Is there any way to mark an object as "always in use" (specifically,in a C extension)?

Discussion in 'Ruby' started by Harry Ohlsen, Feb 6, 2004.

  1. Harry Ohlsen

    Harry Ohlsen Guest

    Some background ...

    I have an application where there are many identical strings (the data consists of huge chunks of XML, with a lot of duplication in both the tag names and the CDATA content).

    I've written a tiny XML parser in C, because trying to load these documents using REXML ran all night and was still running the next day, presumably due to the size (hundreds of thousands of tags).

    Anyway, to reduce the memory used, given the repetitive nature of a lot of the data, I decided to store the strings as a (C coded) hash table of VALUE objects.

    Changes to the data are very, very few, so when this happens, I just create a new Ruby string, so the values in the hash table never change.

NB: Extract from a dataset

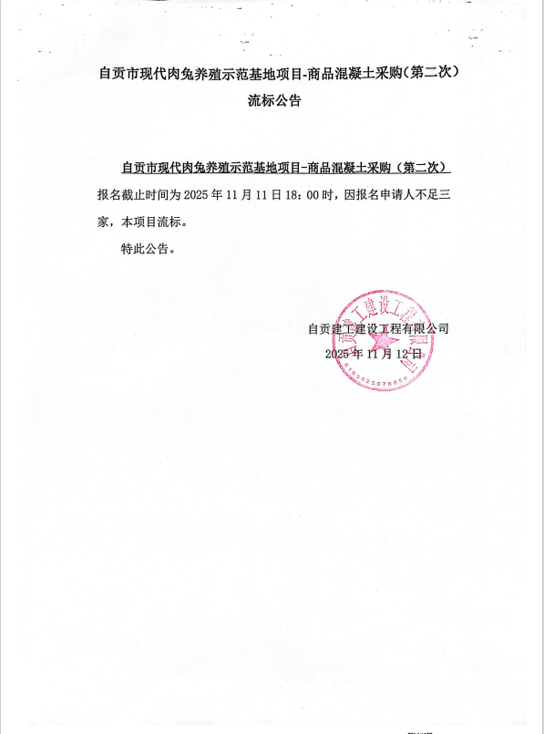 自贡市现代肉兔养殖示范基地项目-商品混凝土采购(第二次)流标公告

    Now, to my questions ...

    I found that when I played with particularly large documents, my code fell over with what looked like some kind of memory corruption. I eventually twigged to the fact that Ruby might be garbage collecting some of the strings I'd constructed, because my C code wasn't doing any rb_gc_mark() calls. That definitely seemed to be the story, because when I wrote one that just went through the entire hashtable and marked each value, the corruption disappeared.

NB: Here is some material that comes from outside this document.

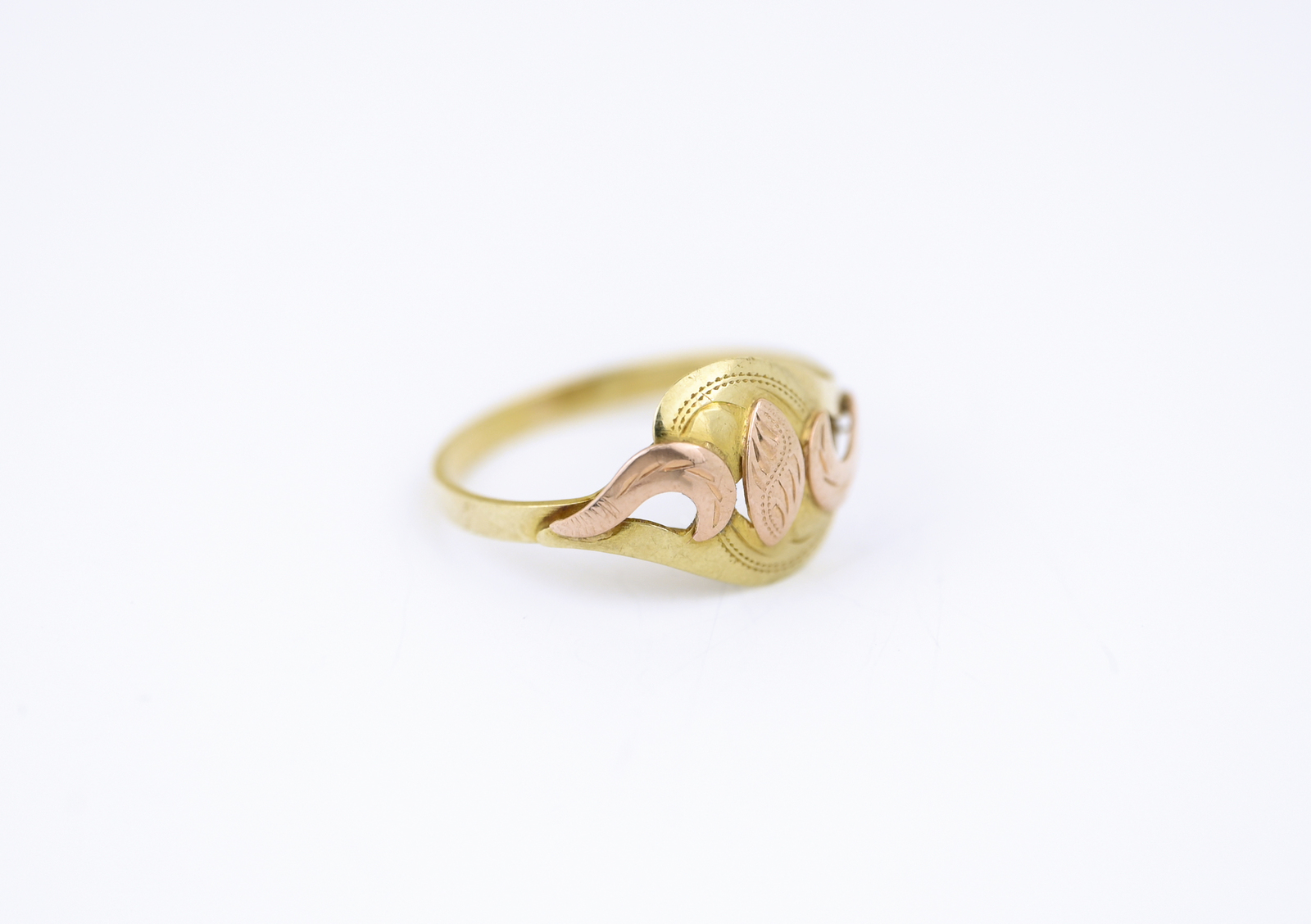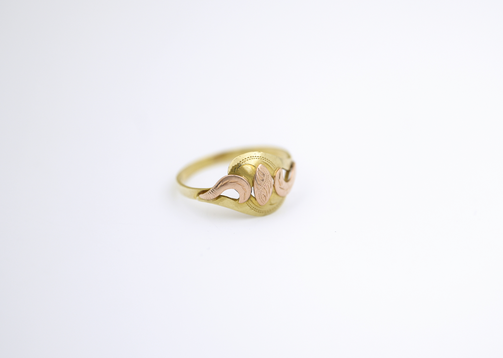 Zlatý prsten, kombinovaný s červeným zlatem, zdobený.

    So, I guess my questions are: (1) is this likely to be what was really going wrong, or did adding the rb_gc_mark() calls fix the problem by pure luck and it's waiting to bite me again, further down the track; (2) is there some way I can mark all of those objects as always being in use, so that they'll never be considered for garbage collection; and more importantly (3) is there a better way to do achieve this?

    Thanks in advance,

    Harry O.
     
    Harry Ohlsen, Feb 6, 2004
    #1
    1. Advertising

  2. Harry Ohlsen

    Guest

    Re: Is there any way to mark an object as "always in use" (specifically, in a C extension)?

    Hi,

    At Fri, 6 Feb 2004 10:29:43 +0900,
    Harry Ohlsen wrote in [ruby-talk:91665]:
    > So, I guess my questions are:
    > (1) is this likely to be what was really going wrong, or did
    > adding the rb_gc_mark() calls fix the problem by pure luck
    > and it's waiting to bite me again, further down the track;


    Seems correct.

    > (2) is there some way I can mark all of those objects as
    > always being in use, so that they'll never be considered for
    > garbage collection;


    You may want to use rb_gc_register_address()?

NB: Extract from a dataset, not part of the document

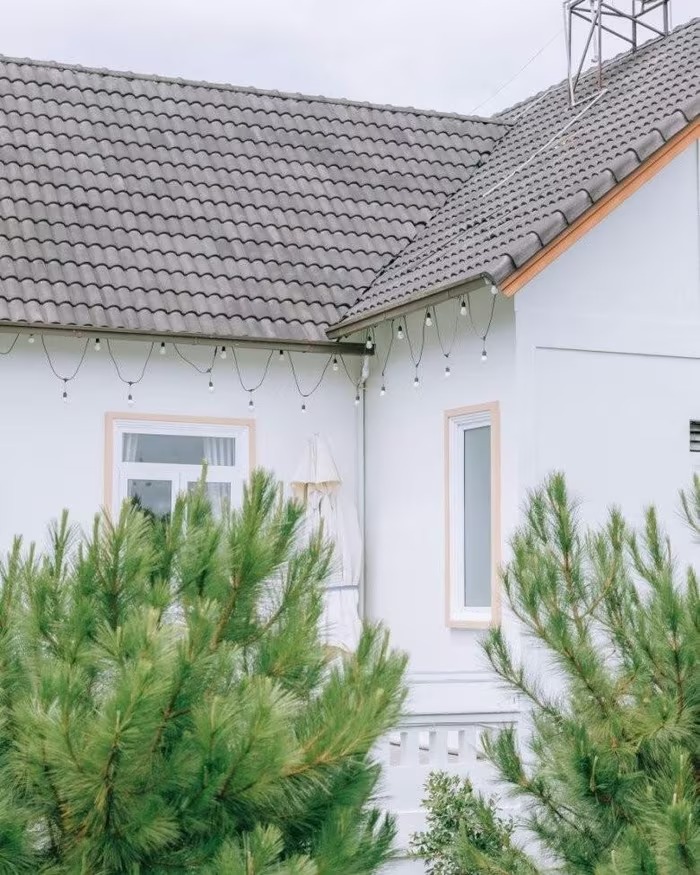 | Căn biệt thự sơn trắng, mái ngói xám trầm, bao quanh là thông xanh. Ảnh: Facebook |

    > and more importantly (3) is there a better way to do achieve
    > this?


    Is it the single big hash in process, but not per instance,
    right?

    2 ways:
    1. rb_gc_register_address(),

    2. make the hash a hidden instance variable of any class, if
    exists.

    --
    Nobu Nakada
     
    , Feb 6, 2004
    #2
    1. Advertising

  3. Harry Ohlsen

    Harry Ohlsen Guest

    wrote:
    >>(2) is there some way I can mark all of those objects as
    >>always being in use, so that they'll never be considered for
    >>garbage collection;

    >
    >
    > You may want to use rb_gc_register_address()?


    Thanks. I'll look that up!

    > Is it the single big hash in process, but not per instance,
    > right?


    There's a single hash table, that's not registered as a Ruby object. However, the data stored in the table are all VALUE objects obtained from rb_str_new2().

    There is a single instance of an object implemented in C that Ruby *does* know about, and that object holds many references to the strings in the hash table. For one document, for example, there were 2.7 million references to around 87,000 strings, totalling just under 267,000 bytes of text. It's the ..._mark() function of that class where I currently mark all of the strings.

    While it doesn't *seem* to be taking a huge amount of time to do that each time, I'd like to try to avoid it, just to see whether that really is the case ... ie, see whether the actual time being used is significant. In any case, if it's easy to fix, it just doesn't make sense to keep marking them over and over.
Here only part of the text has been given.